Q: What kinds of well logs does Petro.ai use as inputs?
A: “The answer is that actually we can take in any logs,” Dr. Brendon Hall, VP of Geoscience explains, “It’s a popular data type that contains all kinds of information. The Petro.ai system is architected so we can add in new data types as they become available.
“You can take what we do with logs right now and divide it into two categories. One is to give Petro.ai insight into the geomechanical situation in the earth. They let us build the geomechanical model. The other one is to let us know more about the geological properties of the subsurface, or the petrophysical properties of what those logs measure.
“The geomechanical is very important for people working in unconventionals. Dr. Mark Zoback has developed a log based approach for determining stress profiles. There are a number of logs that are very useful for building that stress profile. Clay plus TOC, for example, tells you what fraction of ductile material is in the ground.
“Those clay plus TOC logs let you know how that material can deform over time. Dr. Mark Zoback developed something called the Viscoplastic Stress Relaxation theory, VSR. VSR states that the more a solid relaxes over time, the more SHmin, the minimum horizontal stress, or the stress that fractures need to overcome to propagate, can increase. Where you have areas with high clay and TOC you could have a stress barrier there and that’s important to know.
“Getting out of the geomechanics realm and entering geophysics, the oil saturation log is another one that’s very important. This is a tool that goes down and measures the amount of oil, the percentage of hydrocarbons that are at the various depths of the subsurface. The higher the oil saturation, the more oil and gas there is to exploit there.
“Sonic logs are also informational. They’re good for getting rock mechanical properties like Young’s modulus. It’s all giving you an idea of the subsurface which you can use to enhance your geologic model.
“One of the things we do with the logs is, we combine it with the frac fingerprint to derive the amount of drainage from a stimulation.”
“Right. Our main goal with the logs,” Kyle LaMotta, VP of Analytics adds, “is that they characterize stress as accurately as possible because that’s going to have a big effect on the drainage. If the stress is accurate, the drainage will be more accurate, and the overall model accuracy will improve. We definitely want to get that right, but then there are other things that might come up that our clients might have a question about, like the correct landing position.”
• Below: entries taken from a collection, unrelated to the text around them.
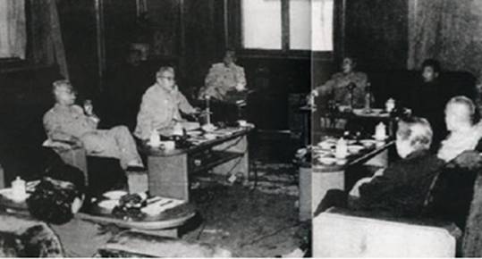 “雙周座談會”是中國共產黨和各民主黨派、無黨派人士及人民團體經常交換意見、溝通思想的一種形式。圖為1961年5月25日舉行的一次“雙周座談會”,會議由中共中央政治局委員、國家副主席董必武(左二)主持 圖片來源:人民網(wǎng)
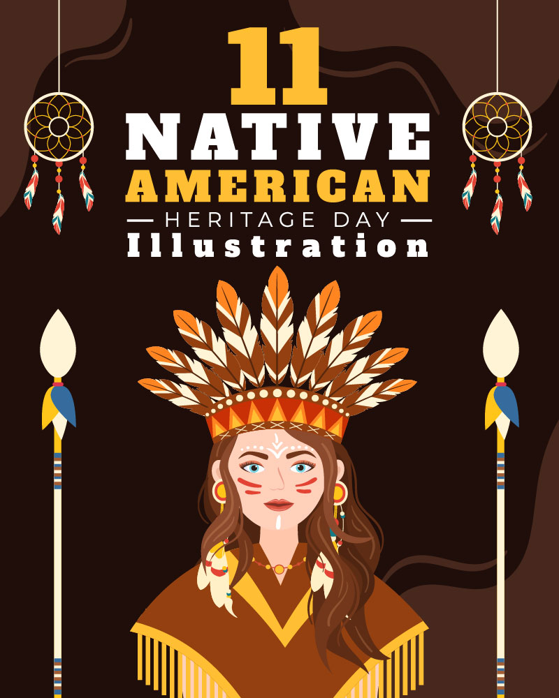 Native American Heritage Day Template Hand Drawn Cartoon Flat Illustration to Recognize the Achievements and Contributions of Tribal Indian Culture Design Concept Suitable for Poster, Banner, Brochure, Cover and Other Template Features:
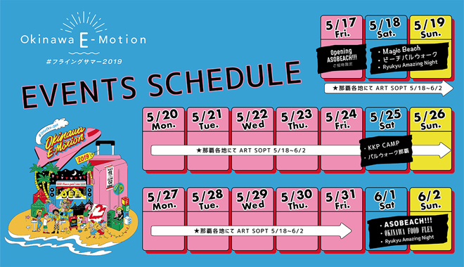 本イベントが開催される<Okinawa E-motion>では、マジック&フードフェスを融合した<マジックビーチ&ビーチバルウォーク>(5月18日、19日)、きゃりーぱみゅぱみゅ主催の対バンイベント<KPP CAMP>(5月25日)、那覇市飲食店のハシゴイベント<バルウォーク那覇>(5月25日)などを開催。ファイナルを飾る<ASOBEACH!!!>が行われる6月1日(土)・2日(日)は、人気フードフェス<OKINAWA FOOD FLEA>が同時開催される。
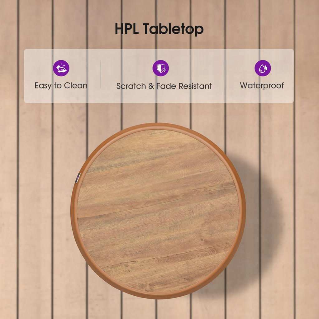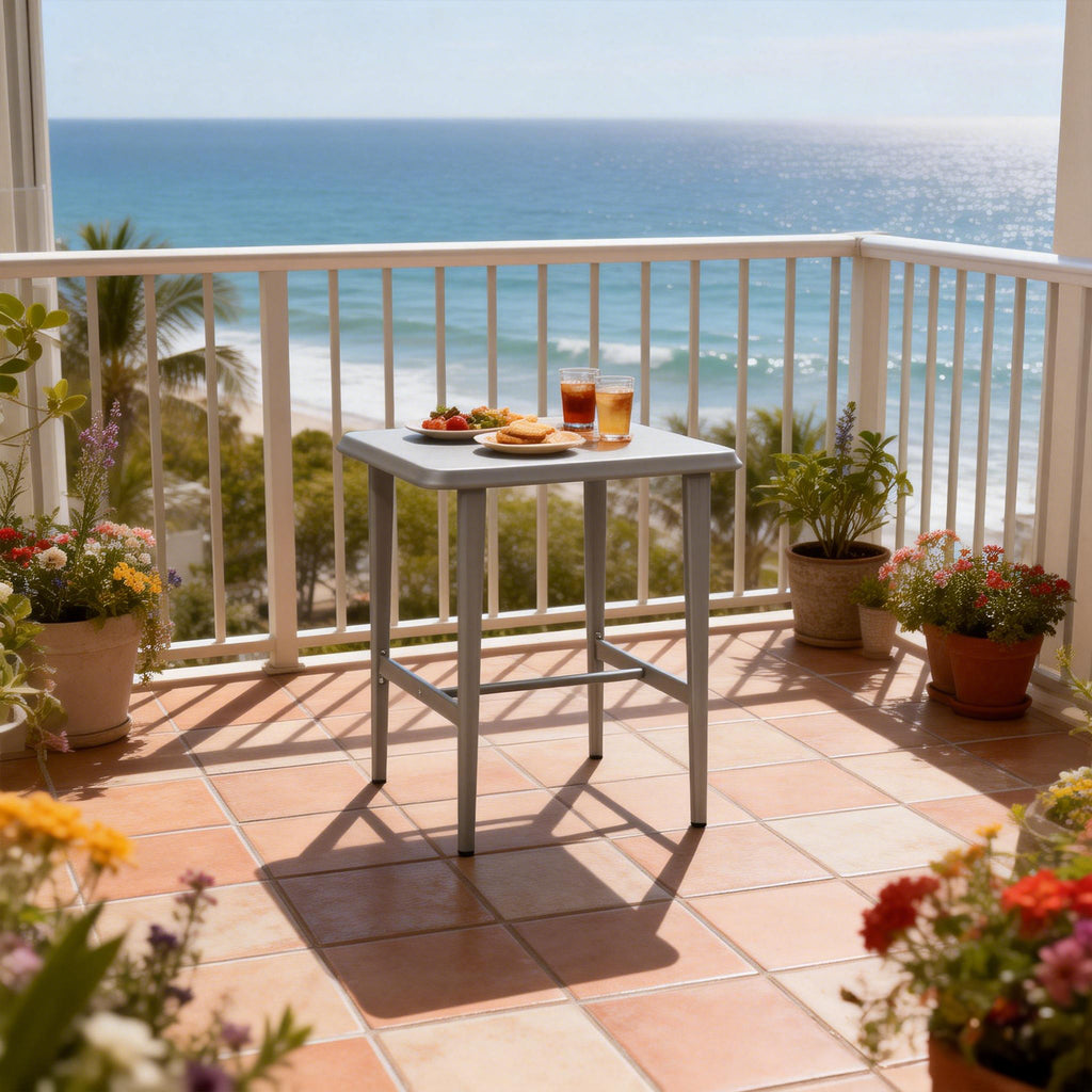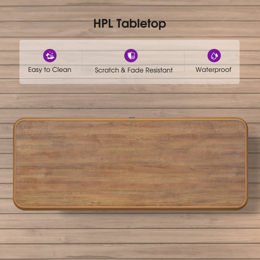 [ HPL Tabletop ] Crafted from HPL materials, the tabletop of this aluminum bar table is fade and scratch resistant for long-term outdoor use.
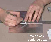 Antes de realizar cualquier corte sobre un material metálico, debemos trasladar las dimensiones y la forma de la pieza deseada al material.
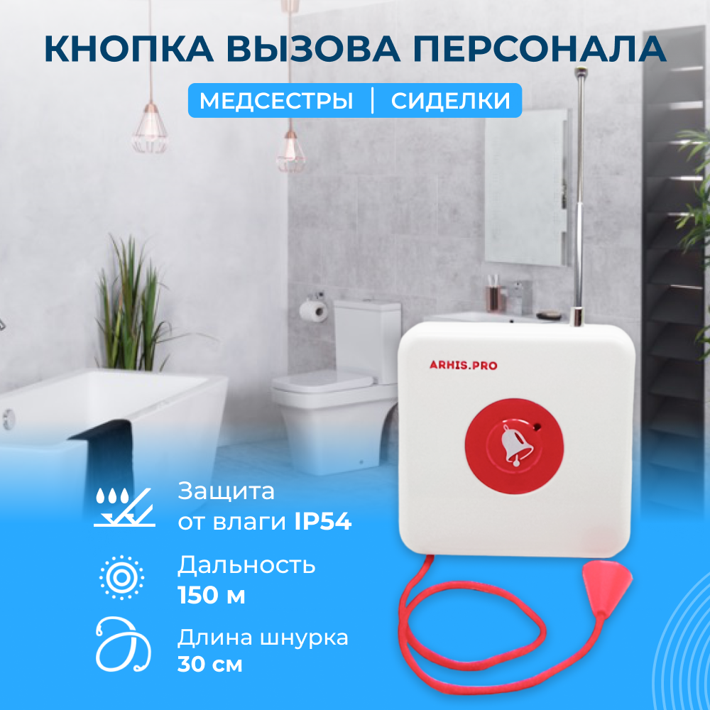 10 цен на Кнопка вызова персонала в санузел и туалет. Беспроводная система палатной сигнализации ARHIS PRO
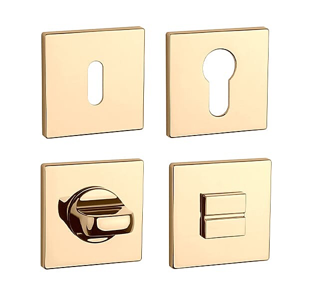 Rozeta má rozměr 52x52 mm, tloušťku 5 mm a oválný otvor pro interiérový klíč (BB), otvor pro cylindrickou vložku (PZ), WC set s vmontovaným klíčem.
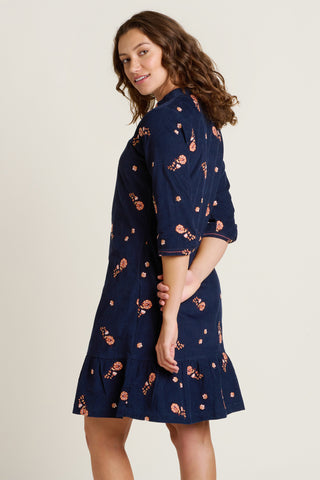 Embroidered cord dresses are perfect for autumn and winter. The Brakeburn Maeve Knee Length Shirt Dress is navy blue with red and pink floral motifs. With three quarter sleeves, pockets at the waist and a ruffle at the bottom, this is a relaxed day dress with a flattering fit. Wear with tights, boots and a slouchy cardi or white trainers for weekend adventures.
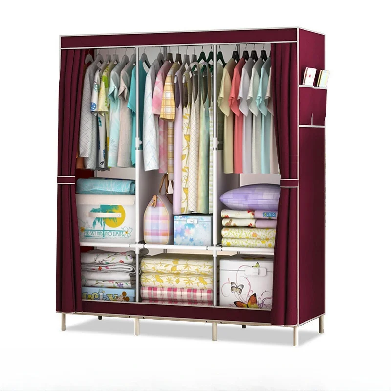 Reinforced Simple Cloth Cabinet Storage Wardrobe Dustproof Organizer Dormitory Steel Frame Reinforced Combination|Reinforced Steel Frame:Features a robust steel frame, ensuring durability and stability for your wardrobe storage needs.
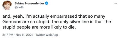 Hossenfelder on unvaccinated (German) people [3]: "«the only silver line is that the stupid people are more likely to die»":
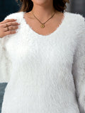 Cozy Up in Style: Plus Size Solid Color Fuzzy Knit Sweater for Autumn & Winter
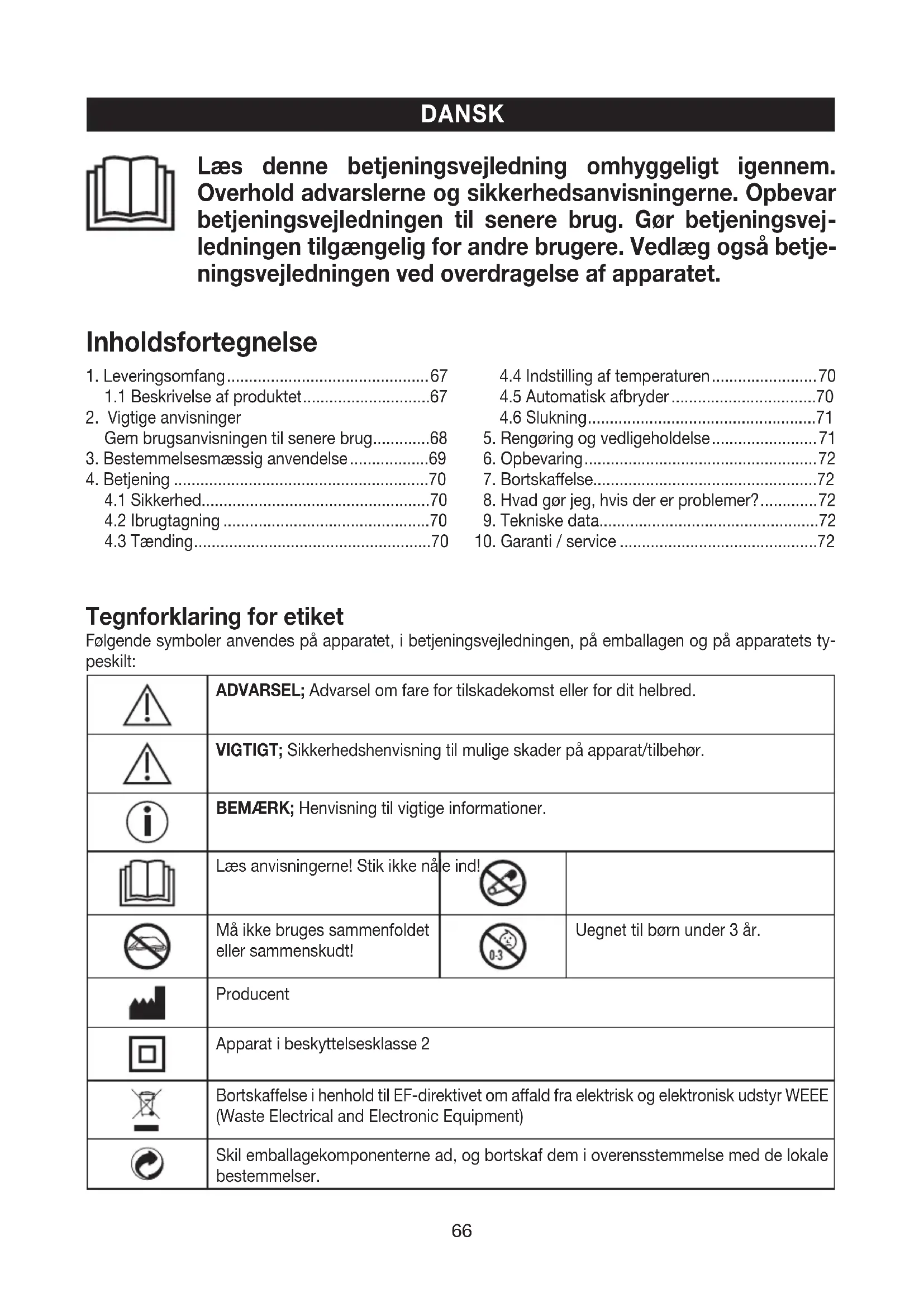 Meer informatie over de garantie en de garantievoorwaarden vindt u in het meegeleverde garantieblad. Fouten en wijzigingen voorbehouden66 Tegnforklaring for etiket Følgende symboler anvendes på apparatet, i betjeningsvejledningen, på emballagen og på apparatets ty- peskilt: ADVARSEL; Advarsel om fare for tilskadekomst eller for dit helbred. VIGTIGT; Sikkerhedshenvisning til mulige skader på apparat/tilbehør. BEMÆRK; Henvisning til vigtige informationer. Læs anvisningerne! Stik ikke nåle ind! Må ikke bruges sammenfoldet eller sammenskudt! Uegnet til børn under 3år. Producent Apparat i beskyttelsesklasse 2 Bortskaffelse i henhold til EF-direktivet om affald fra elektrisk og elektronisk udstyr WEEE (Waste Electrical and Electronic Equipment) Skil emballagekomponenterne ad, og bortskaf dem i overensstemmelse med de lokale bestemmelser.
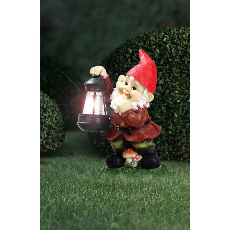En färgglad 29 cm tomte som sollampa. Säkert ett blickfång på varje gård. IP44-skydd gör denna solcellslampa perfekt för utomhusbruk. Den ljusa trädgårdstomten garanterar cirka åtta timmars intressant ljus med full laddning.
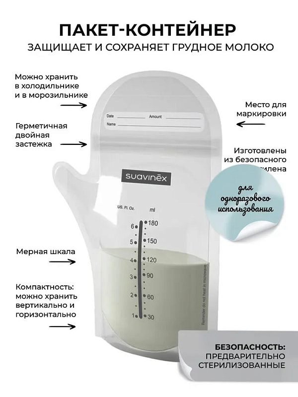 - Пакеты для сбора и хранения грудного молока (180 мл х 3 шт)
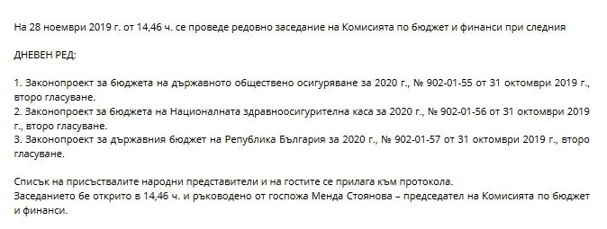 На 28 ноември 2019 г. се повежда заседание на Комисията по бюджет и финанси към Народното събрание, при следния дневен ред: „1. Законопроект за бюджета на държавното обществено осигуряване за 2020 г., № 902-01-55 от 31 октомври 2019 г., второ гласуване; 2. Законопроект за бюджета на Националната здравноосигурителна каса за 2020 г., № 902-01-56 от 31 октомври 2019 г., второ гласуване; 3. Законопроект за държавния бюджет на Република България за 2020 г., № 902-01-57 от 31 октомври 2019 г., второ гласуване“.
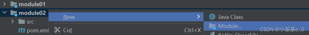 module02想要调用module01,就要在module02的pom.xml添加依赖(去module01那粘贴)
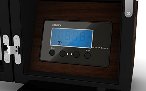 ? High gloss finish and glass display. ? External color with walnut (Dark wood decor) internal with black velvet. ? LCD control panel with back-light. ? Built-in LED lights up by touching the case. ? Concealed hinge to make the wooden housing looks neat and perfect. ? Powered by input AC100-240V / output DC 5V Adapter.
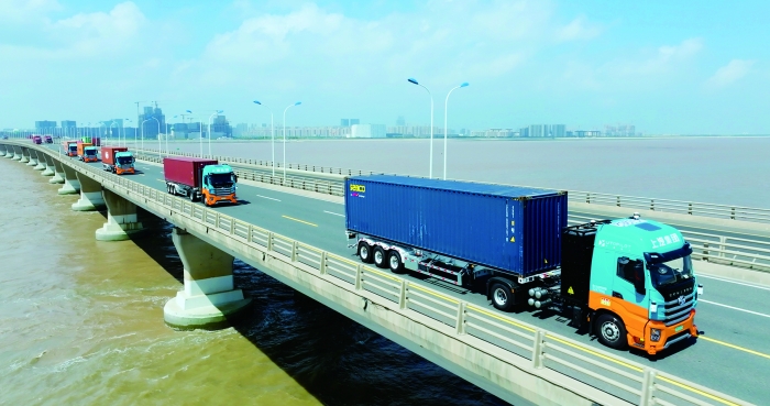 上汽集团旗下友道智途新能源重卡车队行驶在东海大桥上
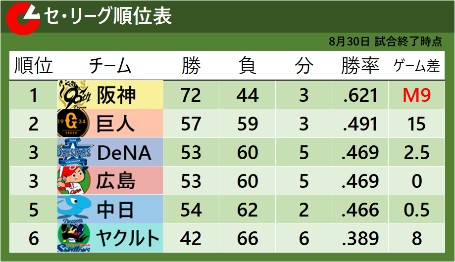 【セ・リーグ順位表】阪神が接戦制し優勝Mは「9」 ヤクルトは村上宗隆が3本塁打 中日は延長11回に4得点で4時間超えの激戦制す(2025年8月30日掲載)|日テレNEWS NNN  日テレNEWS NNN【阪神】「お子ちゃまレベル」「ひよっこ」藤川監督がテレビインタビューで珍しく厳しい言葉(日刊スポーツ)  Yahoo!ニュース阪神が優勝マジック「9」でカウントダウン開始 先制打の森下「ホームで暴れたい」  産経ニュース阪神・熊谷、決勝押し出し四球! 九回守備では佐藤輝の後逸をカバー「試合中は集中力が切れることはない」  サンスポ[セ・リーグ][プロ野球]阪神逃げ切りM9[  沖縄タイムス社
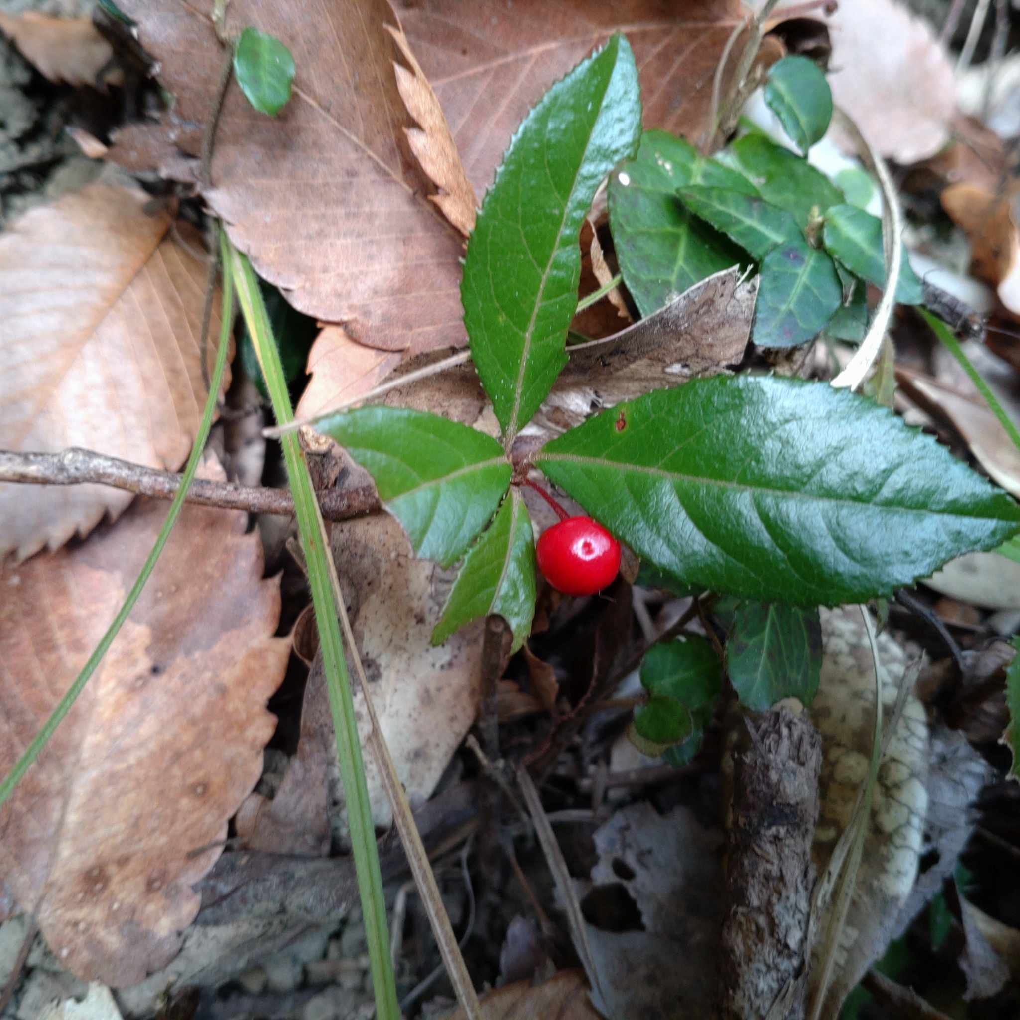 冬枯れの山に入った際には探してみてください、落ち葉だらけの茶色い地面に力強い緑の葉と赤い実が1個から数個付いているだけですが、赤い宝石のようで何だかホッとします。
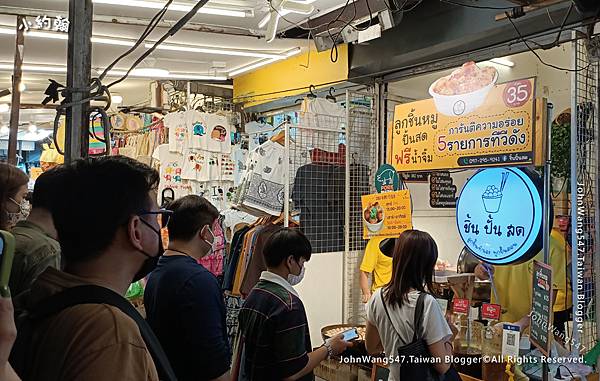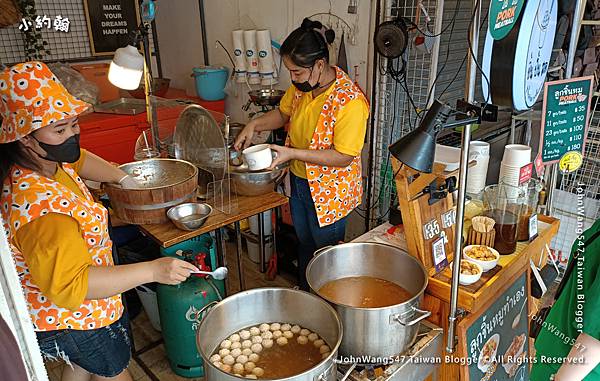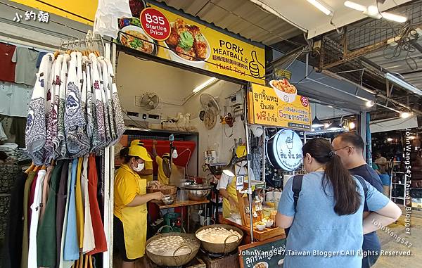 除了買衣服飾品香精伴手禮,市集裡也有許多泰式美食小吃,來分享一間去年就注意到的排隊小吃「豬肉丸」Pork Meatballs。
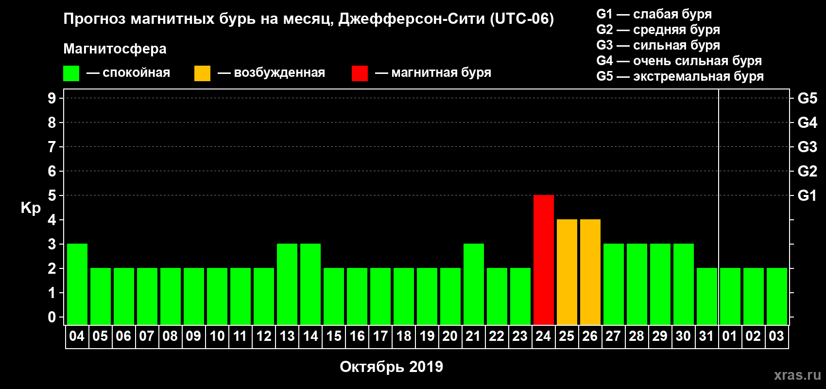 Прогноз магнитных бурь Джефферсон-Сити на 4 октября 2019 года
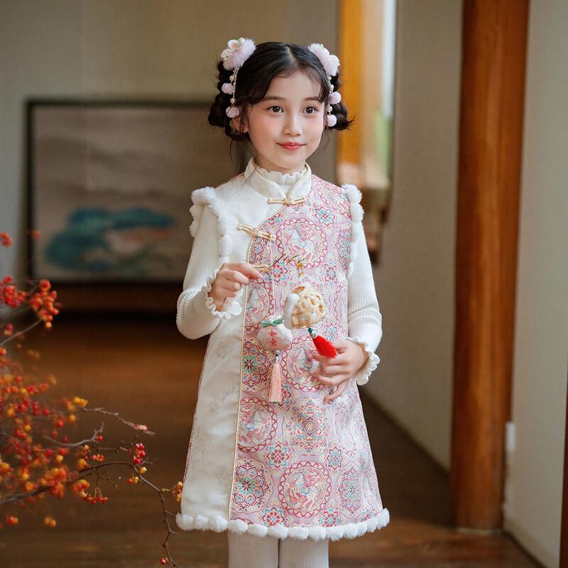 Girls' Chinese Style Sweater Vest & Cheongsam Skirt Set
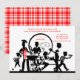 Reúna familiares e amigos para se divertir no verão e um churrasco com este convite nostálgico. Ele apresenta membros da família em silhueta, exceto pelo avental xadrez vermelho e branco usado por "o cozinheiro". O xadrez combina com a parte de trás do convite. Também é um convite perfeito para 4 de julho! O cartão é fácil de personalizar com sua redação, fonte, cor da fonte e escolha de seis tipos de papel.

LaMotta continues, “And we can use proxies for these logs. One thing we use as a geologic feature proxy is lat and long. We know that the geology is changing spatially so the only reason to use a coordinate as an input to the model is to capture that change in the geology spatially. If they have a map of porosity and permeability or oil in place or GOR, we could use those as those would be better features that would explain more than lat and long. We’ll use those as place holders.
“The other thing we do for relative well comparisons is classify the landing interval. Based on their TOCs that they’ve picked for each interval, each well has an assigned landing interval which is also a proxy for the reservoir that it’s landing in. The model should be able to pick up on the relative performance of one interval versus another.
“The key takeaway is Petro.ai can incorporate lots of different logs. We can use them as features and we can interpolate them spatially and stratigraphically. We can take one log and apply it over a large area and include that in the model and apply that information to different wells. We use key geomechanical logs in the model and we can also incorporate geophysical and geological data types as logs too.”